◆ Task requirements ◆
Leave the pictures in the listing below aside and reproduce exactly the lines starting with the one with "Phoenix Contact 2832603" and going on through the one with "หากอุปกรณ์ Xperia ของคุณมี", both ends included.

◆ Data for this task ◆
* * *

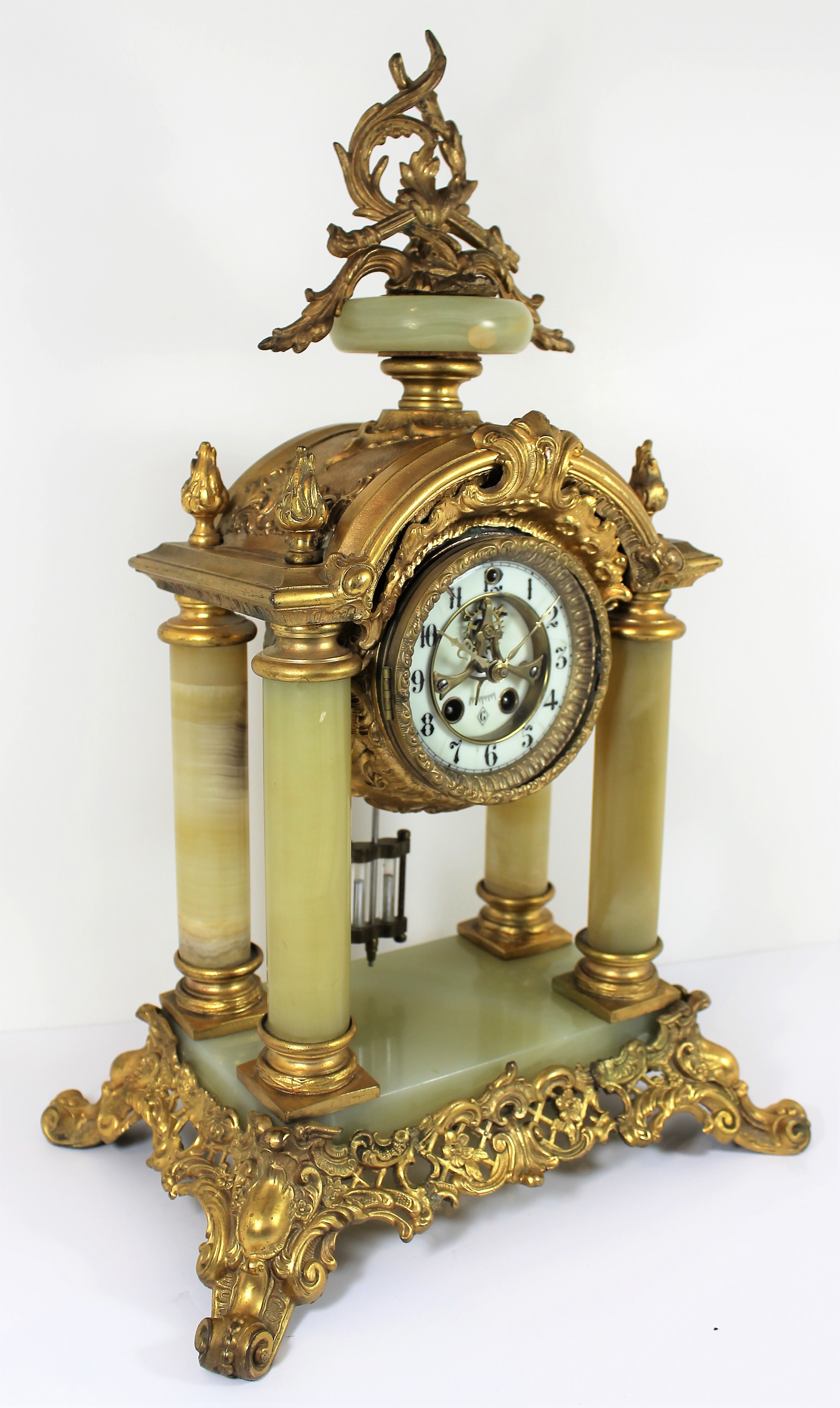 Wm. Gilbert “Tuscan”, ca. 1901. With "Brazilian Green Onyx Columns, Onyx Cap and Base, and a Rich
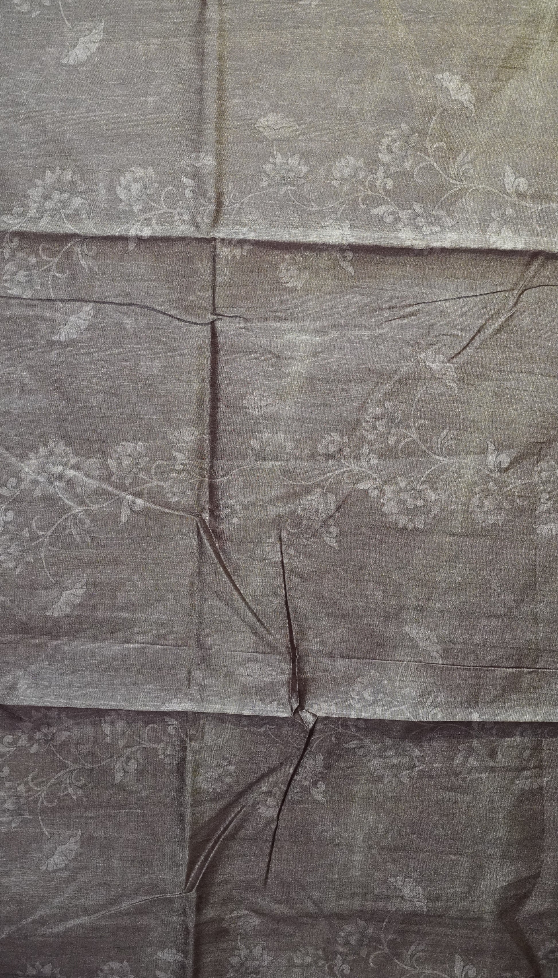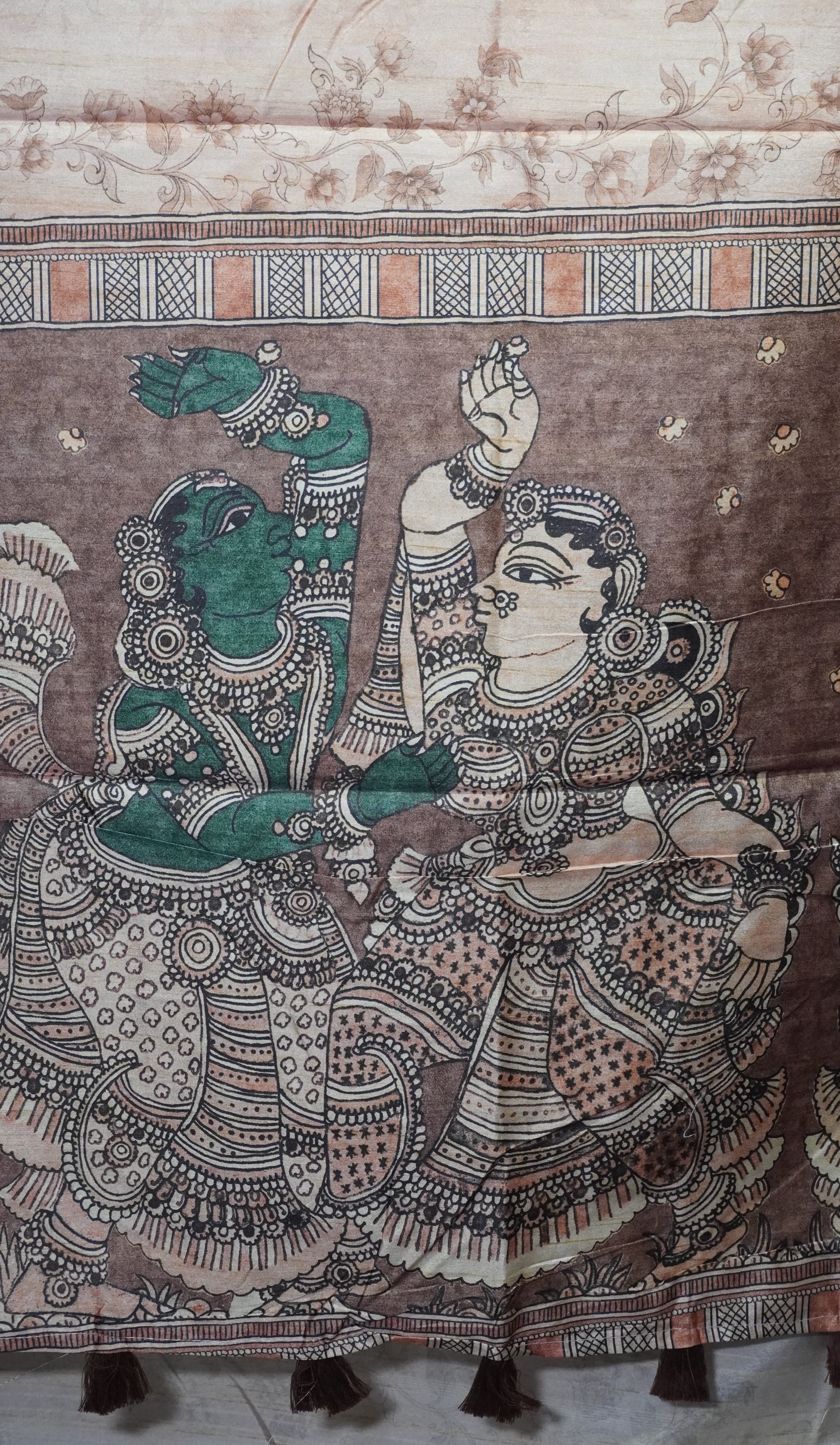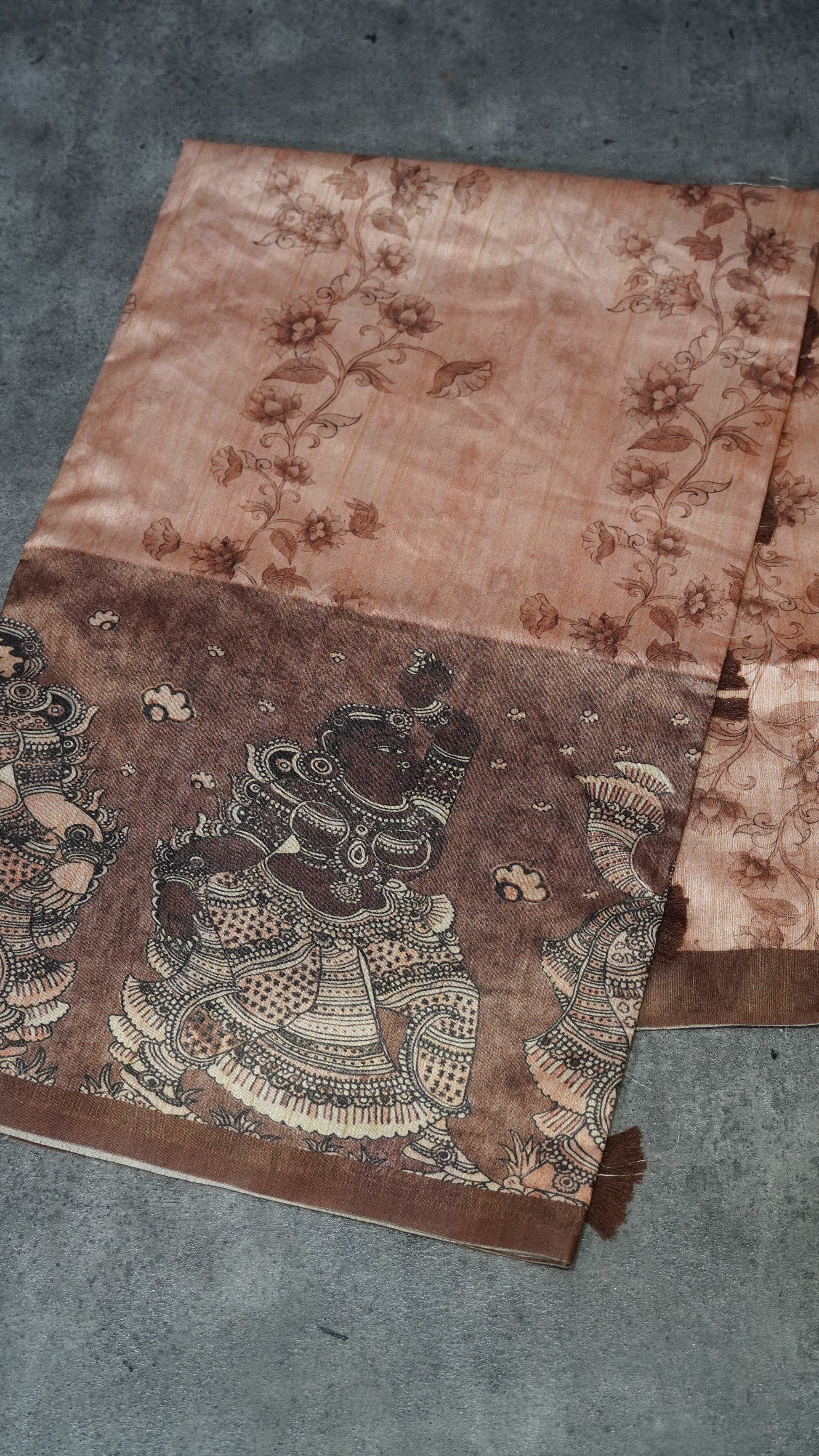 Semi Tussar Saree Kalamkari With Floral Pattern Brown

* * *

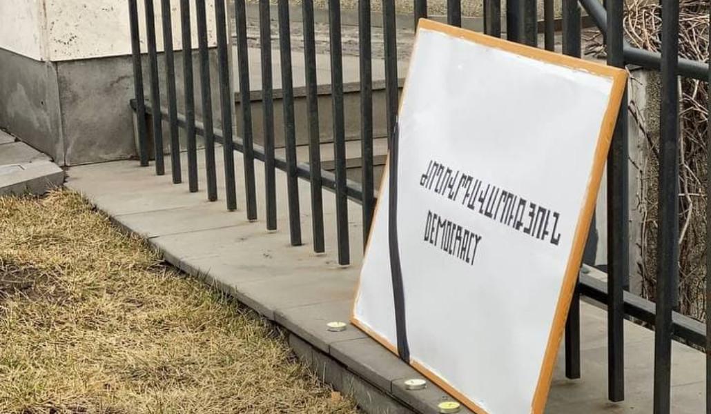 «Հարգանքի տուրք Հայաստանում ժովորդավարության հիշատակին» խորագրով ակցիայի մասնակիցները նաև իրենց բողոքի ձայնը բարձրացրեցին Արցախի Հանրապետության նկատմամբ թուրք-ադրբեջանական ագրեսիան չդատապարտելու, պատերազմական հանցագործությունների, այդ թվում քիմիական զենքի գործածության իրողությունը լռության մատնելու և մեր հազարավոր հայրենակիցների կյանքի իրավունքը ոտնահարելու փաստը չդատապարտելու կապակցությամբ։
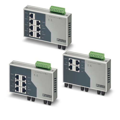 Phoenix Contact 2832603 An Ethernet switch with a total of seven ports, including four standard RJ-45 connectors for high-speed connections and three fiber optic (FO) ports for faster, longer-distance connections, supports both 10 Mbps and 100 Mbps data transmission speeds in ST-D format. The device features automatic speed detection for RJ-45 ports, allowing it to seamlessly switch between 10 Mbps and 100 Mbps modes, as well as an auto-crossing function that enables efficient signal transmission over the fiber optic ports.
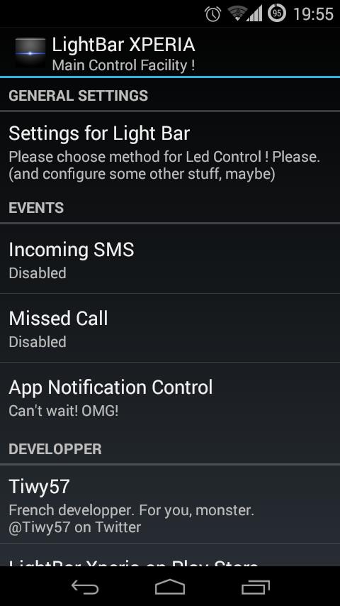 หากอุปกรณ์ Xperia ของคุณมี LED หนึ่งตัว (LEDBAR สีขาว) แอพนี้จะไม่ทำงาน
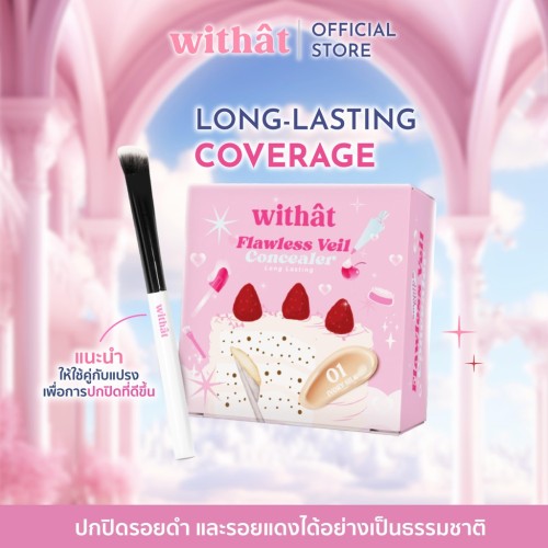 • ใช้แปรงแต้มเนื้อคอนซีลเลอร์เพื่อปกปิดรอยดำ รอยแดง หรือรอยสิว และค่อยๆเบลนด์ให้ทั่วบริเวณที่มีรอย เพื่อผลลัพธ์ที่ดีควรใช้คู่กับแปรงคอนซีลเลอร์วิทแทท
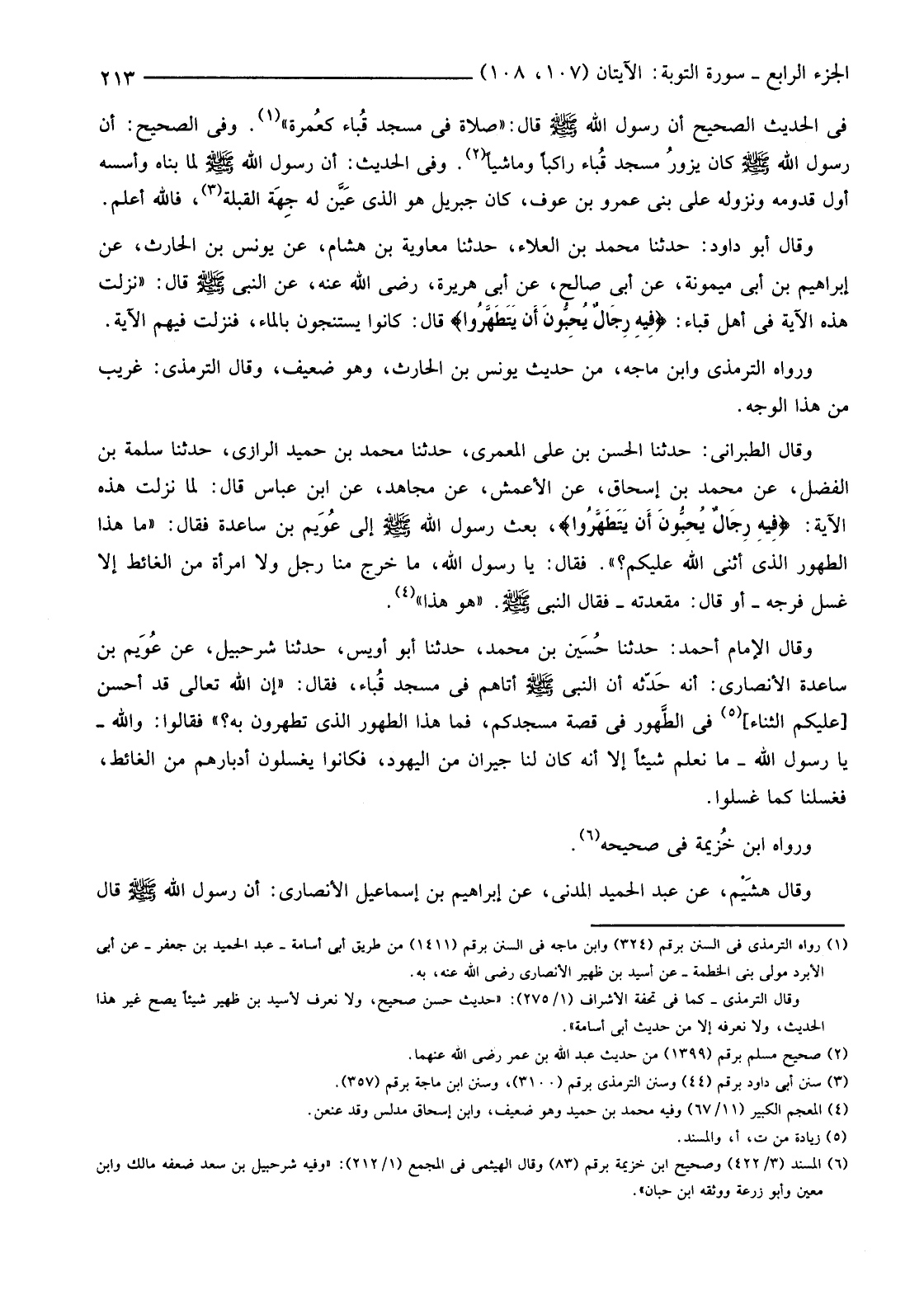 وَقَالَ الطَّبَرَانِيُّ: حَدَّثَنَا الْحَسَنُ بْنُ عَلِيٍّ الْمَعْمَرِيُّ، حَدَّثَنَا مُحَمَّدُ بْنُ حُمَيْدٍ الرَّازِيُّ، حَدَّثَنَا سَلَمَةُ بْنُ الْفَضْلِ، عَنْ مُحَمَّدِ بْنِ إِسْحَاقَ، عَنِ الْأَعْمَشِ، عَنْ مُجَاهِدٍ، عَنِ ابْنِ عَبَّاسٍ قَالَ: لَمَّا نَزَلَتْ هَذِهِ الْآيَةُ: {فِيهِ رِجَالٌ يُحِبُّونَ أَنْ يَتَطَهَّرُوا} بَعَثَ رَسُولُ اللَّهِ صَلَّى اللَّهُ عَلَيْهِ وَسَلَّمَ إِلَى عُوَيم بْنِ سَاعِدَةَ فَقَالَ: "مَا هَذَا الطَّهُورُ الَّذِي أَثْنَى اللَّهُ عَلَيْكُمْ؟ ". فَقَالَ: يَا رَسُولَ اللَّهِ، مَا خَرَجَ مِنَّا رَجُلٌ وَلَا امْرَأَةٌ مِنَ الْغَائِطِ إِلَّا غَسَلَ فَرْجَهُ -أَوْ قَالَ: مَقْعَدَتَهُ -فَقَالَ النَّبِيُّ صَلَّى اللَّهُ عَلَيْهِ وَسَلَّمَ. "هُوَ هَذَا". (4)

* * *

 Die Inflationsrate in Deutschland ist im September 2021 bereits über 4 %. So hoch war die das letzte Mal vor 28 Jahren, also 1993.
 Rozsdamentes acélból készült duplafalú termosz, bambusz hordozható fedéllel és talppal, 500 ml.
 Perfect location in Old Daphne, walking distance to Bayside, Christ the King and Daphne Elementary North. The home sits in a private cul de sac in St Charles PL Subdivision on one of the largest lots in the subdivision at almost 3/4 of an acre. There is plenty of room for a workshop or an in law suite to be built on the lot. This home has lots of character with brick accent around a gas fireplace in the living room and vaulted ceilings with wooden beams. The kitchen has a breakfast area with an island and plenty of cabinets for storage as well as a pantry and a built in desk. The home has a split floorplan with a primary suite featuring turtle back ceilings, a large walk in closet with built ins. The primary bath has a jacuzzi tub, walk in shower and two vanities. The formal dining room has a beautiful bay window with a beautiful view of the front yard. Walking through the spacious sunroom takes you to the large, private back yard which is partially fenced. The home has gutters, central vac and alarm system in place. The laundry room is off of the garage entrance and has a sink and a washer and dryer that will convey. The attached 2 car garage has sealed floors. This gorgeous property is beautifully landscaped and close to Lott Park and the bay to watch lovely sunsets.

* * *

◆ Response for this exercise ◆
 Phoenix Contact 2832603 An Ethernet switch with a total of seven ports, including four standard RJ-45 connectors for high-speed connections and three fiber optic (FO) ports for faster, longer-distance connections, supports both 10 Mbps and 100 Mbps data transmission speeds in ST-D format. The device features automatic speed detection for RJ-45 ports, allowing it to seamlessly switch between 10 Mbps and 100 Mbps modes, as well as an auto-crossing function that enables efficient signal transmission over the fiber optic ports.
 หากอุปกรณ์ Xperia ของคุณมี LED หนึ่งตัว (LEDBAR สีขาว) แอพนี้จะไม่ทำงาน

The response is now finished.